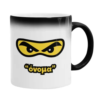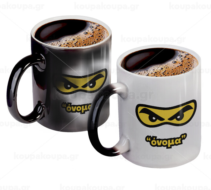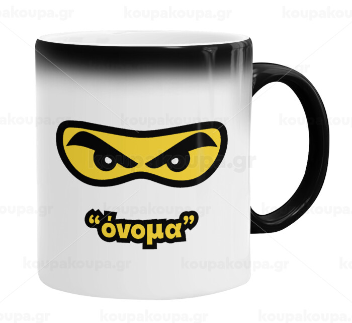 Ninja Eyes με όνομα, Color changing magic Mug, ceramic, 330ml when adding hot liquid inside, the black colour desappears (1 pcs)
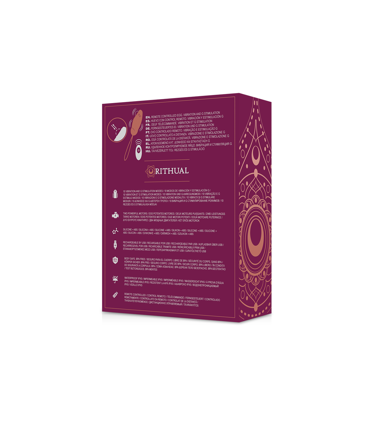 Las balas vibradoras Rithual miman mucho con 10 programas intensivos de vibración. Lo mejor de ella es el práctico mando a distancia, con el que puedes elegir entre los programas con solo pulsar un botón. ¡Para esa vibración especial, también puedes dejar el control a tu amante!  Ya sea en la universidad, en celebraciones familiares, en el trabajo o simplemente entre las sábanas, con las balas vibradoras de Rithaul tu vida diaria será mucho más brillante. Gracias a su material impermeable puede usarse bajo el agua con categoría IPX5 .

---------------

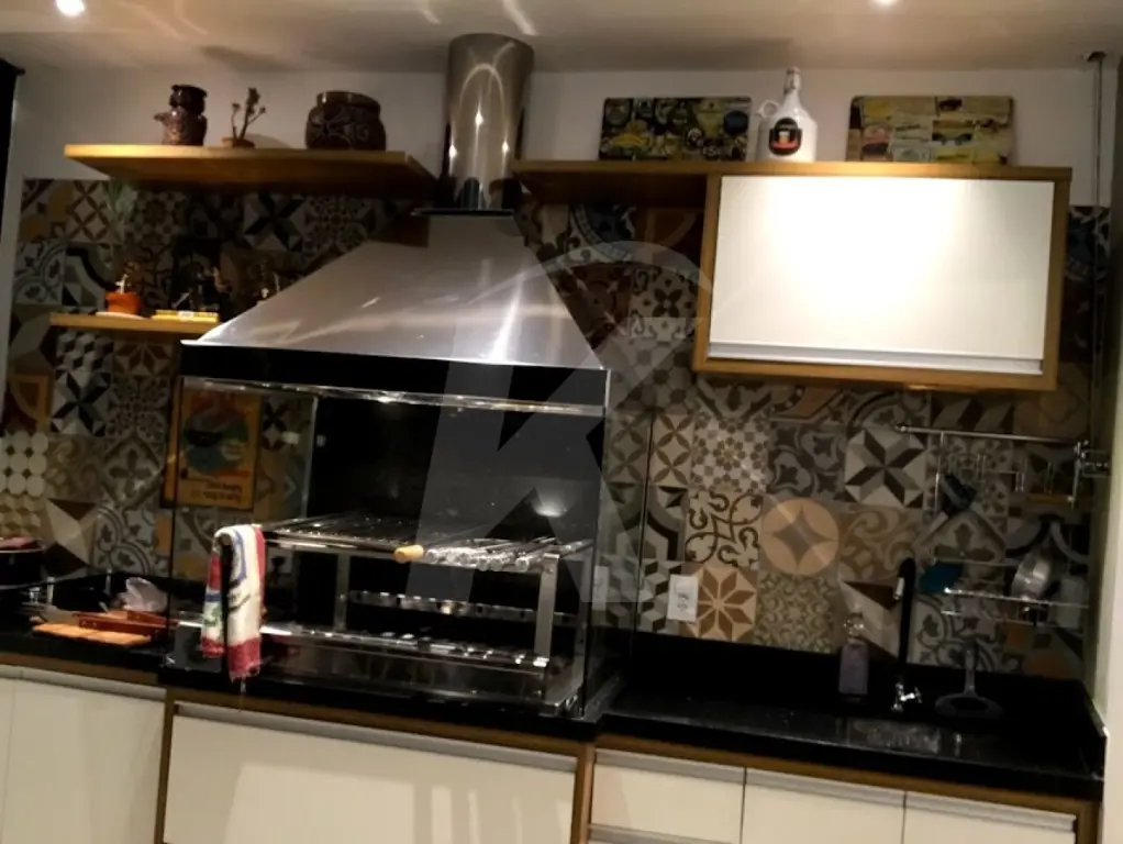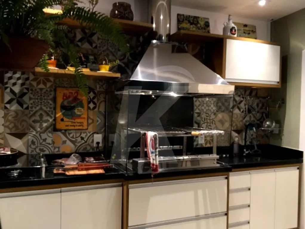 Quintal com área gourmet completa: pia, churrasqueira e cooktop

---------------

→ **Assigned task**: Write out, word for word, the stretch of entries that begins at the line with "Ninja Eyes με" and ends at the line with "Las balas vibradoras Rithual". Pictures do not belong in it.

→ **Answer area**:
 Ninja Eyes με όνομα, Color changing magic Mug, ceramic, 330ml when adding hot liquid inside, the black colour desappears (1 pcs)
 Las balas vibradoras Rithual miman mucho con 10 programas intensivos de vibración. Lo mejor de ella es el práctico mando a distancia, con el que puedes elegir entre los programas con solo pulsar un botón. ¡Para esa vibración especial, también puedes dejar el control a tu amante!  Ya sea en la universidad, en celebraciones familiares, en el trabajo o simplemente entre las sábanas, con las balas vibradoras de Rithaul tu vida diaria será mucho más brillante. Gracias a su material impermeable puede usarse bajo el agua con categoría IPX5 .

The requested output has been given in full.